Why does a team that has amassed 400 runs, played out 118 overs against a very testing bowling attack in difficult conditions fail to wipe off a deficit of 96 runs and get bundled out in 24.4 overs? The Sri Lankan team management would be the happiest bunch of people if they could find out the answer to this question. The truth is, no one knows the answer. For if anyone did, no team would be getting out so cheaply and that person would be able to earn millions of dollars selling the answer. However, the closest guess would be the one all too simple answer: pressure.
The pressure is on
One often hears the cricketers and the analysts talking about pressure in an international high voltage game, but is there no pressure in a football or rugby? Of course there is, and in many cases the pressure in a football game exceeds that of any cricket game, yet footballers don't talk about pressure that often. The main reason behind this is, in football, rugby or any other intense sports within five minutes of the game your body is warmed up and the initial nerves you have are overtaken by an extremely high heart rate. The same can be said about bowlers in cricket, after the initial Harmison delivery, most bowlers find their rhythm and hardly ever falls victim to pressure, most likely due to the superior heart rate.

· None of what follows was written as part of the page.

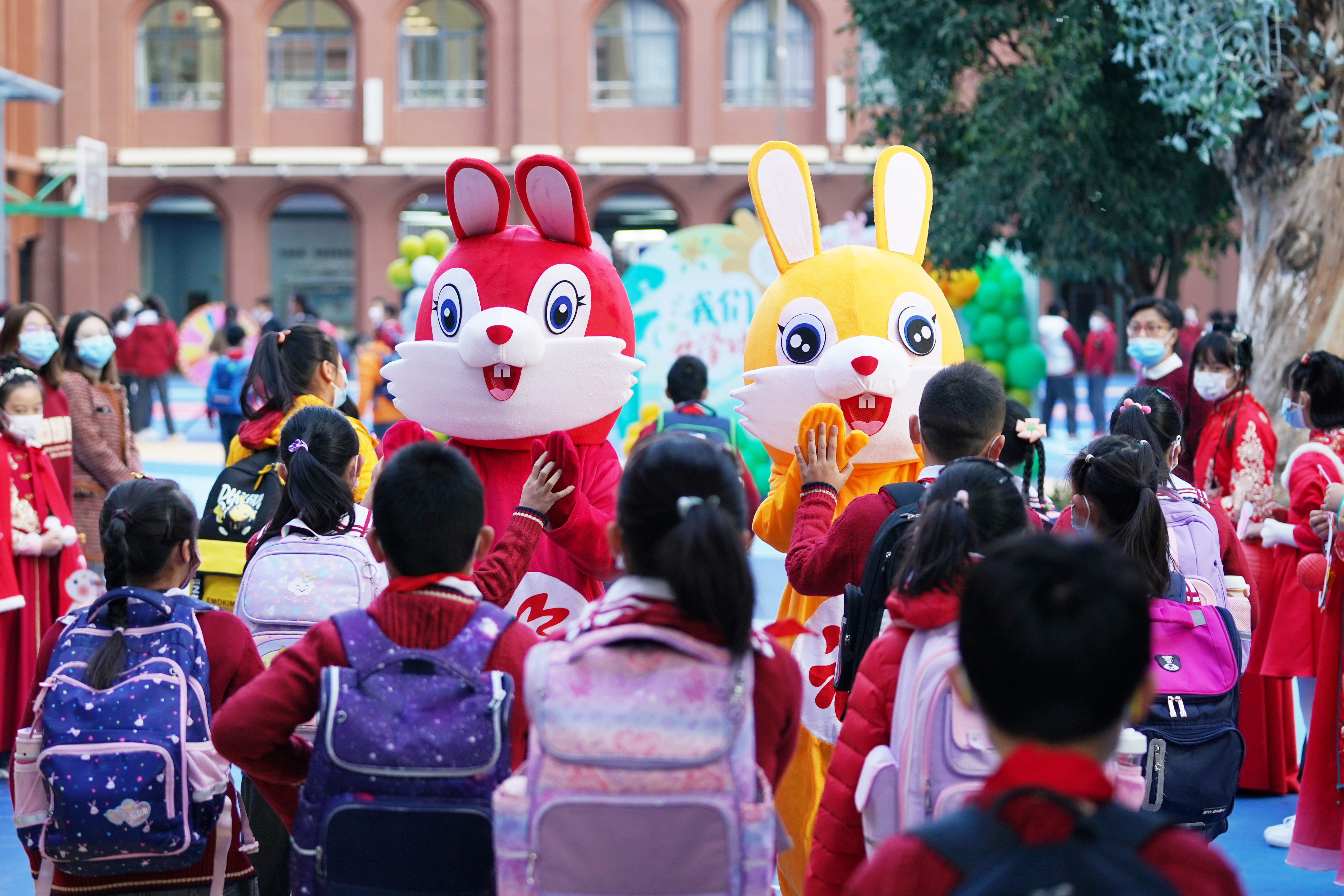 13日,昆明市武成小学人民路校区,“兔宝宝”欢迎学生入校。当日,昆明市中小学校全面开学。

However the case with batsmen is very different; unless you run hard at every single delivery the heart rate rarely goes high enough. And the build-up of each delivery mounts to the pressure, the thought of 11 players wanting to get you out and a bowler running in from 35 meters builds up the pressure inside ones head. And the 30-35 seconds between each delivery is just enough time for the batsman to think of every possible way he can get out. Add to that the odd sledging by the opponent and one's time in the middle can become quite a notorious period and lack of concentration can happen very frequently.
Justin Langer mentioned in a recent interview that a great batsman will always be able to focus fully on the next ball, and that can only be achieved when the batsman is able to get his thought process straight across and his body listens to his head properly. The former solely depends on the batsman and some very talented, promising batsmen have failed to live up to the expectations at the highest level and the reasoning in most cases is not inferior technique but perhaps mental strength. The latter on the other hand will happen to every batsman, and fades away when he hits a couple off the middle. The latter might not actually happen to a batsman who is in form and high on confidence.
And unlike every other sport, in cricket the negative energy from a player transfers to others. Hence, when a team is at 30/5, the ingoing batsman is already in a negative state of mind and the fielding team is pumped up, making the batsman's job even harder. Hence, when you see a slide, it is often very hard for the batting team to stop it as it is a lot like driving the car at 120km/hr and trying to stop it without using brakes.
Another mistake Sri Lanka made during last test was that they let panic kick in. Once a team goes into a shell and are scared of losing, they are just letting the other team dominate and the situation gets out of hand, and quickly too, resulting in a flurry of wickets with an abysmal scorecard to read.
The problem with such collapses is that regardless of how much you try to prevent such collapse they will happen. That is why teams as strong as Australia get bundled for 88 and England get bundled for 51. There is nothing to do about them. My advice to the Sri Lankan team and any team that has suffered a horrible day: just think of it as a bump and just go on with your regular processes. And to the fans I will say: don't judge a team based on a 'bump'; they have happened to the greatest teams. Cracking under immense pressure is what makes us human, and despite how big of a cricketer one is, these bumps let us know they are nothing but mere mortals.